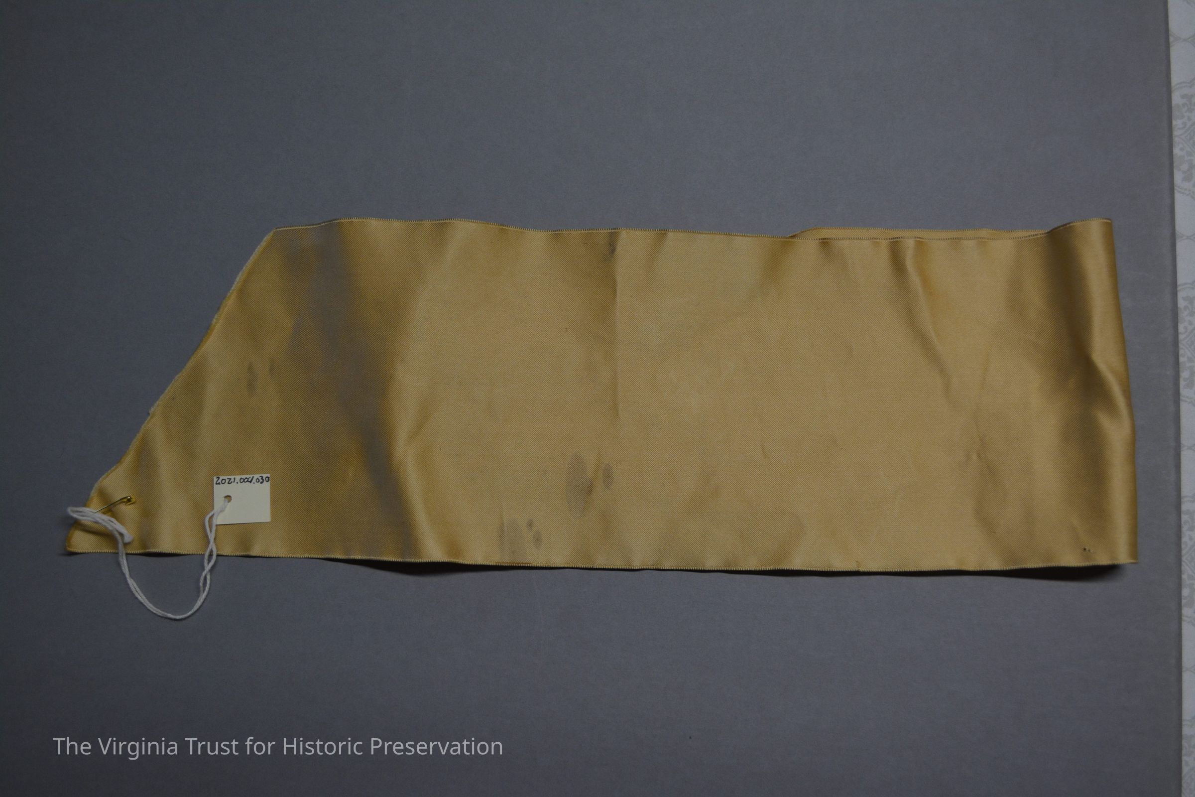 Bolt of gold fabric, possibly left over from another project that was unfinished.
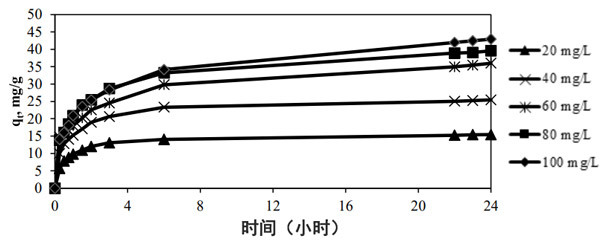 圖2說明了甲基黃初始濃度和接觸時間對30°C時吸附平衡的影響。隨著初始染料濃度從20 mg/L增加到100 mg/L,發現平衡時的染料吸附量增加。這些表明初始濃度提供了必要的驅動力,以克服對染料分子在水相和固相之間傳質的阻力。初始濃度越高,濃度梯度的驅動力越大。從圖中可以看出,較高的初始濃度的染料溶液需要更長的接觸時間才能達到平衡。初始濃度為20-40 mg/L的染料溶液達到平衡所需的接觸時間約為3-5小時。
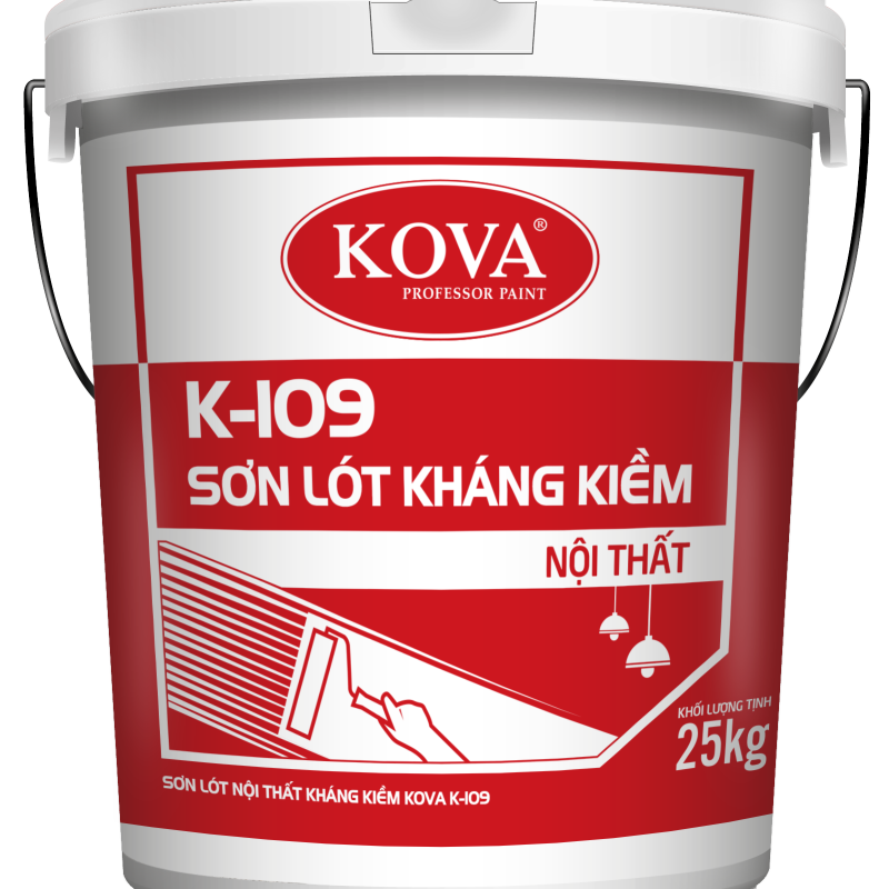 SƠN LÓT NỘI THẤT KHÁNG KIỀM KOVA K-109 là sơn hệ nước, trên cơ sở chất tạo màng Styrene Acrylic. Sơn có độ bám dính tốt. Cùng với các thành phần hóa học đặc biệt, giúp kháng lại hàm lượng kiềm trong vôi tự do của xi măng. K–109 được dùng làm sơn lót kháng kiềm nhằm bảo vệ và giảm tiêu hao cho lớp sơn phủ trang trí.
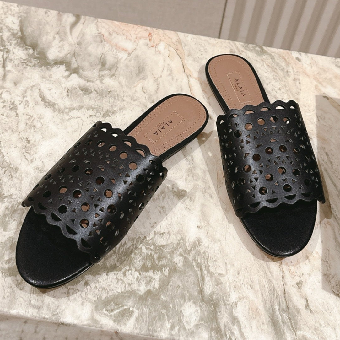 Alaia 2025 Vienne Slippers Black Lambskin 293659
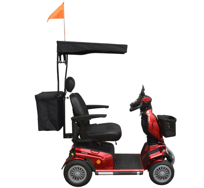 Additional canopy and bag unit with flag for Top Gun Scooters. Single mounting point for all items rather than buying separate needing additional mounting points, this system is easy to install and economical.
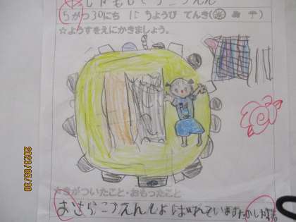 近くの公園へ行きました。公園にあるものを見つけてから、公園と仲良くなるために遊びました。学校に帰ってから思い出して、絵や文にまとめました。
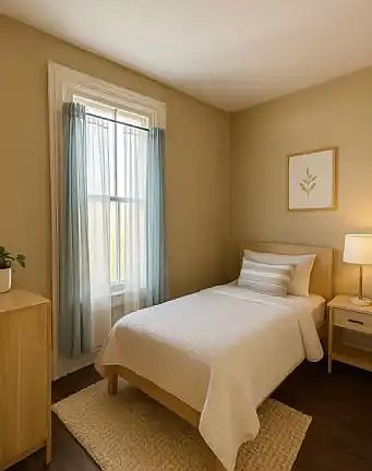 Tall ceilingsLarge windowsUpdated bathroomLaminate flooringRadiator heatLarge shared yardCentury home character
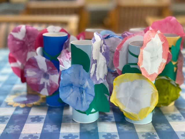 トイレットペーパーの芯に葉っぱとツルを貼り、半紙を好きな色の絵の具で染めて作った花を飾り付けました。
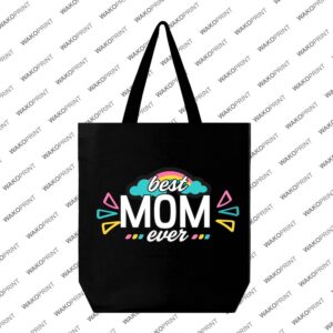 Personalized Best Mom Ever Tote Bag | Custom Name Option | Reusable Black Canvas Bag | Add Text on Back | Perfect Mother’s Day Gift for Moms and Women
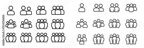 Collections of diverse vector flat illustrations depicting groups of people in various configurations and arrangements for use in design projects

■ ■ ■ ■

PROBLEM TO WORK ON >> Nothing but the pictures may be dropped; restate the material word for word.

COMPLETED TASK >>
 Bolt of gold fabric, possibly left over from another project that was unfinished.
 圖2說明了甲基黃初始濃度和接觸時間對30°C時吸附平衡的影響。隨著初始染料濃度從20 mg/L增加到100 mg/L,發現平衡時的染料吸附量增加。這些表明初始濃度提供了必要的驅動力,以克服對染料分子在水相和固相之間傳質的阻力。初始濃度越高,濃度梯度的驅動力越大。從圖中可以看出,較高的初始濃度的染料溶液需要更長的接觸時間才能達到平衡。初始濃度為20-40 mg/L的染料溶液達到平衡所需的接觸時間約為3-5小時。
 SƠN LÓT NỘI THẤT KHÁNG KIỀM KOVA K-109 là sơn hệ nước, trên cơ sở chất tạo màng Styrene Acrylic. Sơn có độ bám dính tốt. Cùng với các thành phần hóa học đặc biệt, giúp kháng lại hàm lượng kiềm trong vôi tự do của xi măng. K–109 được dùng làm sơn lót kháng kiềm nhằm bảo vệ và giảm tiêu hao cho lớp sơn phủ trang trí.
 Alaia 2025 Vienne Slippers Black Lambskin 293659
 Additional canopy and bag unit with flag for Top Gun Scooters. Single mounting point for all items rather than buying separate needing additional mounting points, this system is easy to install and economical.
 近くの公園へ行きました。公園にあるものを見つけてから、公園と仲良くなるために遊びました。学校に帰ってから思い出して、絵や文にまとめました。
 Tall ceilingsLarge windowsUpdated bathroomLaminate flooringRadiator heatLarge shared yardCentury home character
 トイレットペーパーの芯に葉っぱとツルを貼り、半紙を好きな色の絵の具で染めて作った花を飾り付けました。
 Personalized Best Mom Ever Tote Bag | Custom Name Option | Reusable Black Canvas Bag | Add Text on Back | Perfect Mother’s Day Gift for Moms and Women
 Collections of diverse vector flat illustrations depicting groups of people in various configurations and arrangements for use in design projects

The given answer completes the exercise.